Tmp_table_size is the largest a table can be in memory when it is created automatically by a query. But this can't be larger than max_heap_table_size anyway. So there's no benefit to setting tmp_table_size greater than max_heap_table_size. It's common to set these two config variables to the same value.
You can monitor how many temp tables were created, and how many on disk like this:
mysql> show global status like 'Created%';
+-------------------------+-------+
| Variable_name | Value |
+-------------------------+-------+
| Created_tmp_disk_tables | 20 |
| Created_tmp_files | 6 |
| Created_tmp_tables | 43 |
+-------------------------+-------+
Note in this example, 43 temp tables were created, but only 20 of those were on disk.
When you increase the limits of tmp_table_size and max_heap_table_size, you allow larger temp tables to exist in memory.
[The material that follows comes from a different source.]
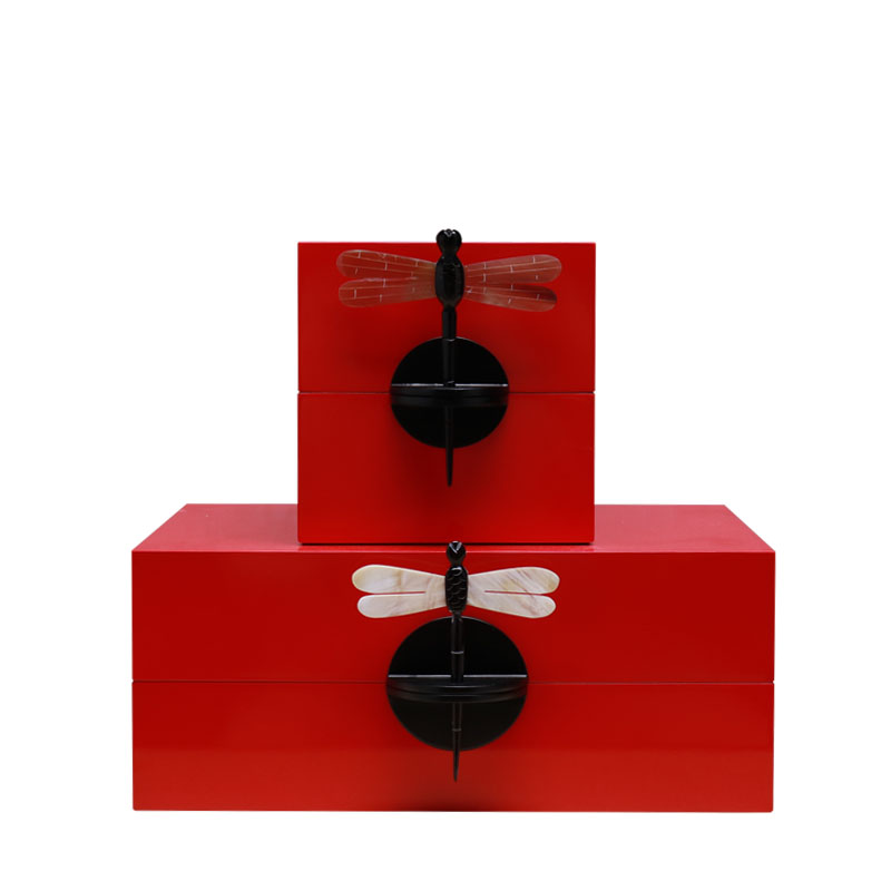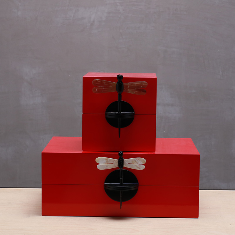 新中式 饰品 现代创意喜庆红色首饰盒摆件样板房家居储物饰品盒软装

You may ask, how large do you need to make it? You don't necessarily need to make it large enough for every single temp table to fit in memory. You might want 95% of your temp tables to fit in memory and only the remaining rare tables go on disk. Those last 5% might be very large -- a lot larger than the amount of memory you want to use for that.
So my practice is to increase tmp_table_size and max_heap_table_size conservatively. Then watch the ratio of Created_tmp_disk_tables to Created_tmp_tables to see if I have met my goal of making 95% of them stay in memory (or whatever ratio I want to see).
Unfortunately, MySQL doesn't have a good way to tell you exactly how large the temp tables were. That will vary per query, so the status variables can't show that, they can only show you a count of how many times it has occurred. And EXPLAIN doesn't actually execute the query so it can't predict exactly how much data it will match.
An alternative is Percona Server, which is a distribution of MySQL with improvements. One of these is to log extra information in the slow-query log. Included in the extra fields is the size of any temp tables created by a given query.